*Data segment*:
----

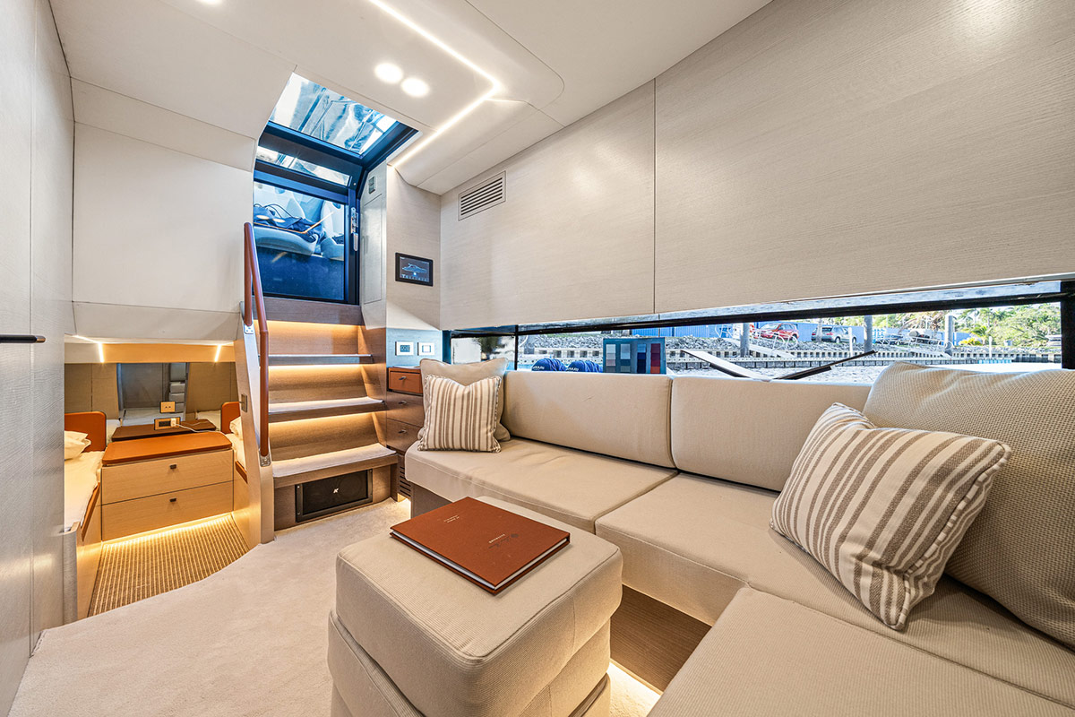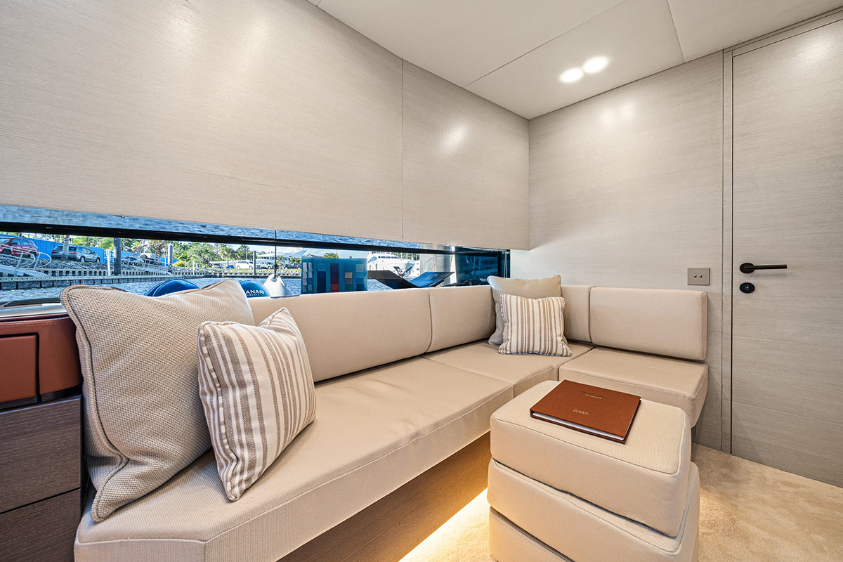 En descendant du cockpit, on accède à un salon accueillant offrant une hauteur sous barrot de 2,20 mètres, décoré dans des tons neutres et contemporains. Des canapés confortables longent la coque et le salon est baigné de lumière naturelle grâce à la baie vitrée qui s’étend sur toute la longueur du bateau. Un grand téléviseur encastré est disponible en option, ainsi qu’un coin café et un réfrigérateur.
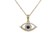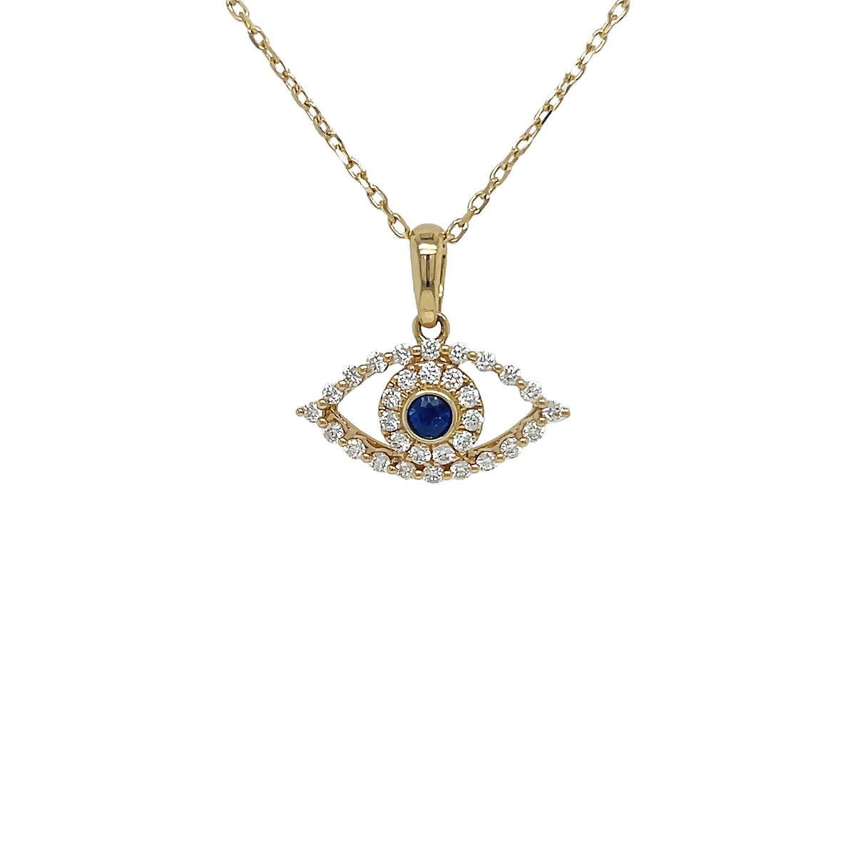 18kt yellow gold prong set round brilliant diamond and blue sapphire evil-eye pendant with 14kt yellow gold cable link chain. 1 blue sapphires = 0.10ctw 31 round diamonds = 0.26ctw
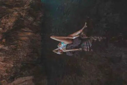 Esta vez me dejé llevar por la inspiración que me llegaba de esta cueva acuática. La luz me recordaba a la pintura barroca: una cortina de luz cenital, que en este caso iluminaba a la modelo. Siempre me ha gustado la iluminación que usaban Caravaggio y Rembrandt en sus obras. Un dato curioso es que hoy en día usamos el nombre de Rembrandt para referirnos a este tipo de luz.
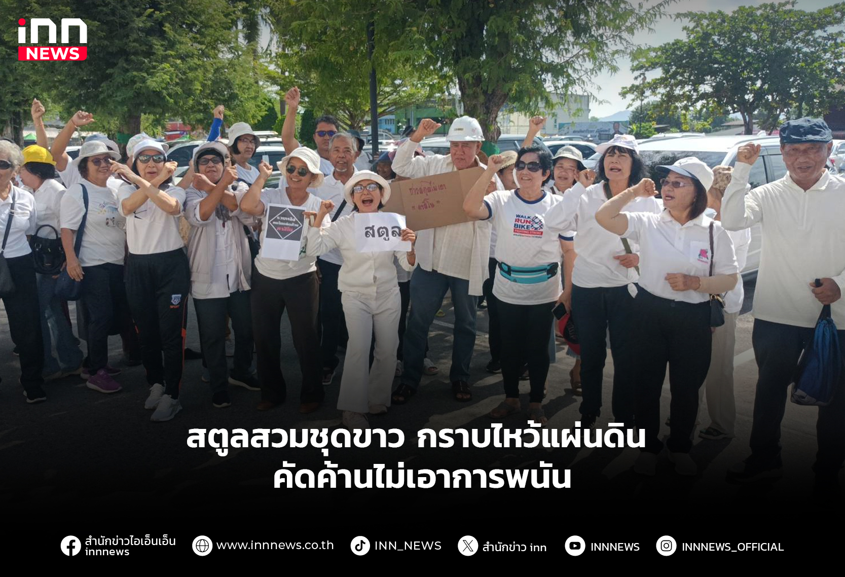 สตูลสวมชุดขาว กราบไหว้แผ่นดิน คัดค้านไม่เอาการพนัน

----

Copy the whole listing exactly, excluding the pictures in it.

 En descendant du cockpit, on accède à un salon accueillant offrant une hauteur sous barrot de 2,20 mètres, décoré dans des tons neutres et contemporains. Des canapés confortables longent la coque et le salon est baigné de lumière naturelle grâce à la baie vitrée qui s’étend sur toute la longueur du bateau. Un grand téléviseur encastré est disponible en option, ainsi qu’un coin café et un réfrigérateur.
 18kt yellow gold prong set round brilliant diamond and blue sapphire evil-eye pendant with 14kt yellow gold cable link chain. 1 blue sapphires = 0.10ctw 31 round diamonds = 0.26ctw
 Esta vez me dejé llevar por la inspiración que me llegaba de esta cueva acuática. La luz me recordaba a la pintura barroca: una cortina de luz cenital, que en este caso iluminaba a la modelo. Siempre me ha gustado la iluminación que usaban Caravaggio y Rembrandt en sus obras. Un dato curioso es que hoy en día usamos el nombre de Rembrandt para referirnos a este tipo de luz.
 สตูลสวมชุดขาว กราบไหว้แผ่นดิน คัดค้านไม่เอาการพนัน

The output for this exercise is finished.